Для меня Россия будущего, прежде всего, — это страна возможностей, социальных лифтов и свободы слова. Всё это возможно, когда работают все институты управления, а власть не сосредоточена в руках одного человека.
Каждый раз, когда «Весна» запускает какую-нибудь акцию, то обязательно сталкивается с потоком упаднических комментариев о том, что всё бессмысленно: нас — имеются в виду активисты и гражданское общество вообще — слишком мало, никто нас не слушает, мы ничего не добьёмся. В какой-то момент мы задумались, почему это происходит, и пришли к выводу, что это — дискурс пропаганды, который оказался способен к самовоспроизведению. Это чем-то похоже на вирус — им может заразиться даже противник режима, ничего при этом не подозревая. Он искренне будет транслировать идею тщетности вовне — подыгрывая тем самым властям.
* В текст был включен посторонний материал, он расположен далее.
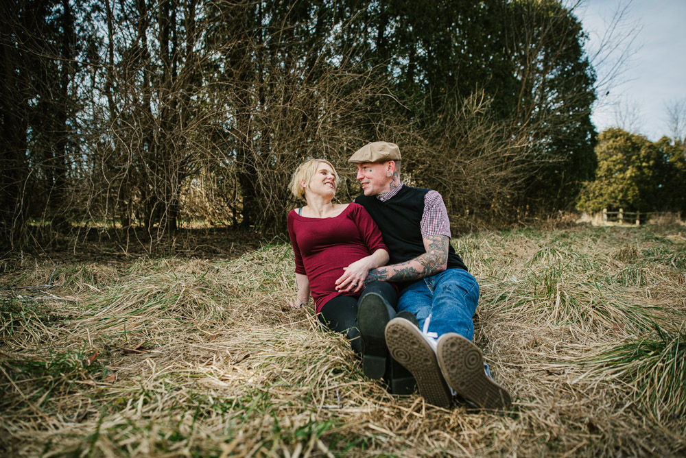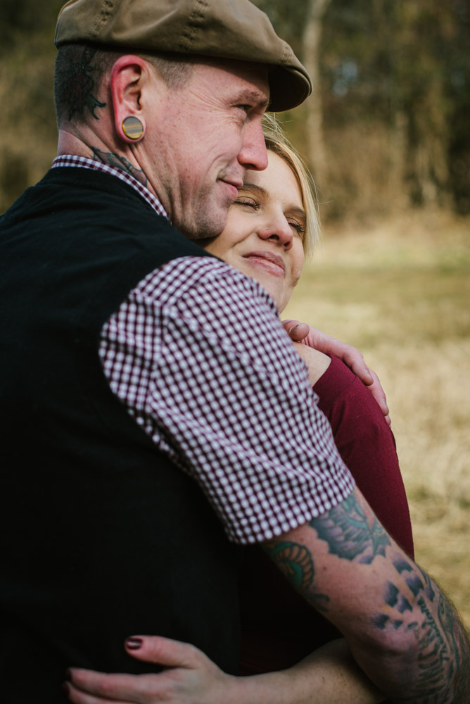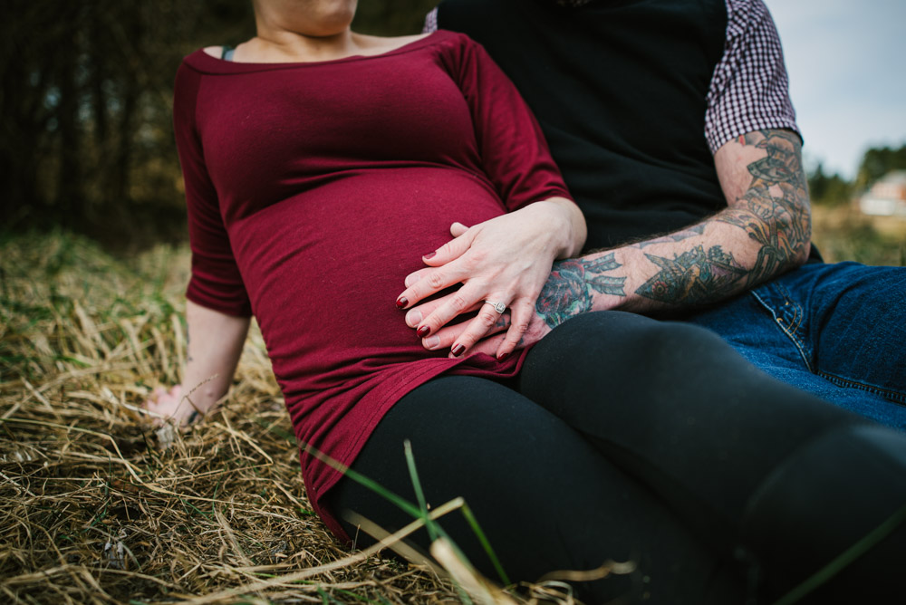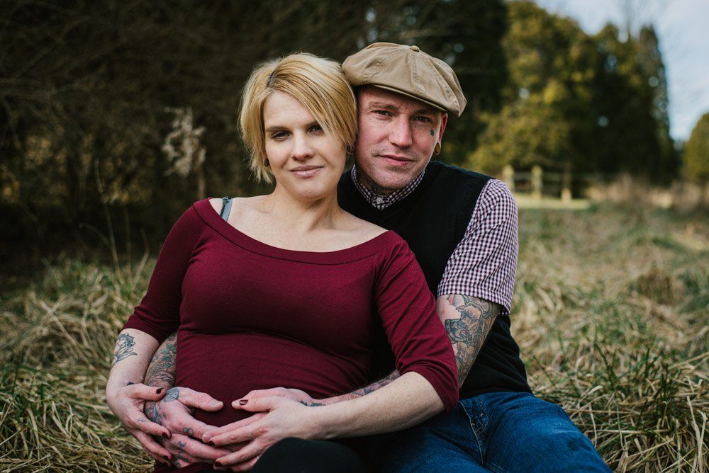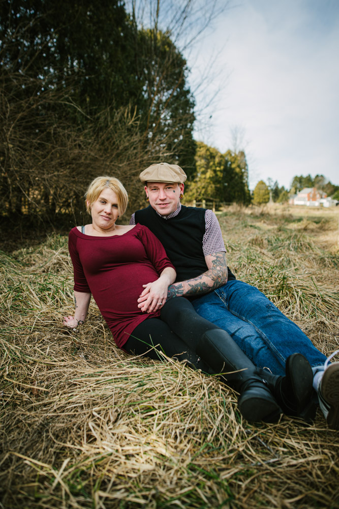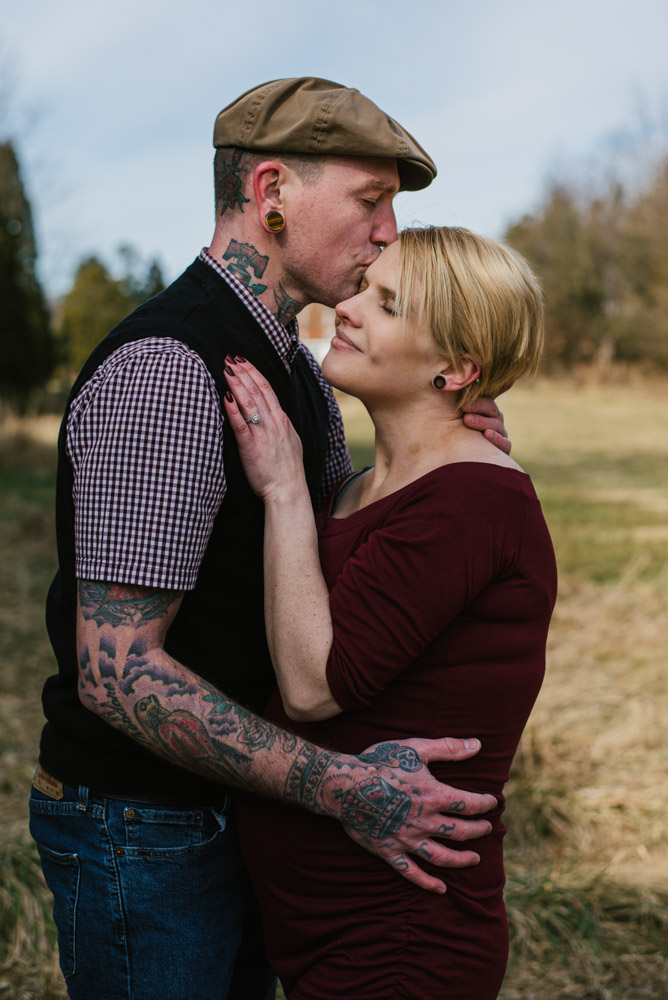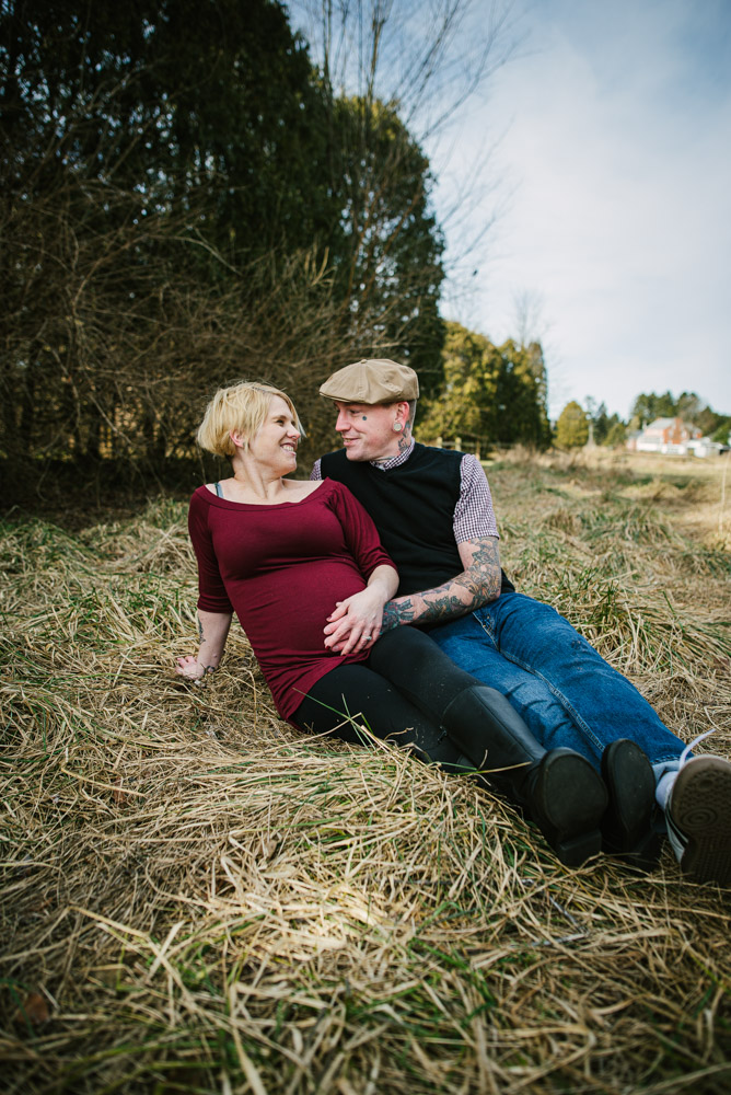 Brittany loved the idea of capturing these maternity, couple portraits at Overlook Park which has a beautiful, evergreen, tree grove. The grove has a fairytale feel to it and is a great place to shoot any time of year. It always looks photogenic. You’d never know that these portraits were captured on a very cold winter day. These two braved the elements, but they didn’t mind snuggling for photos to keep warm!

Но как вообще этот вирус появился? Мы знаем, что власти годами насильно делали общество послушным и пассивным. Однако достигли эффекта они не только с помощью репрессий, но и через длительное и последовательное внушение. Режим использует три простых мысли, которые незаметно селятся у нас в голове, приживаются там и начинают воспроизводить сами себя. Вот они: 1. Любое действие крайне опасно
Активизм — это действительно опасно. Вы и сами знаете почему. Однако цель репрессий не только наказать отдельных граждан, но и запугать остальных. В итоге властям удаётся добиться того, что страх для многих становится всеобъемлющим — крайне опасным кажется любое действие, без какой-либо градации. В этом и заключается их цель: создать воображаемую опасность в дополнение к реальной. На самом же деле разные действия имеют разные риски. Это простая мысль, о которой не стоит забывать, ведь для многих именно переоценка риска становится непреодолимым барьером: люди боятся даже подписывать петиции и направлять обращения депутатам, хотя это объективно не самые опасные действия. Безусловно, риск есть всегда. Когда нет ни законов, ни правил, случиться может действительно что угодно и когда угодно. Однако важно — хоть это и сложно — оценивать вероятности: скажем, шанс быть задержанным на пикете составляет 90%, а вот при отправке письма в Госдуму реальные последствия могут наступить, например, только в 5% случаев. Всеобъемлющий страх, который многим внушили власти, сковывает. Рациональная оценка риска и чёткое понимание того, какую его степень вы готовы принять, напротив, даёт пространство для действия.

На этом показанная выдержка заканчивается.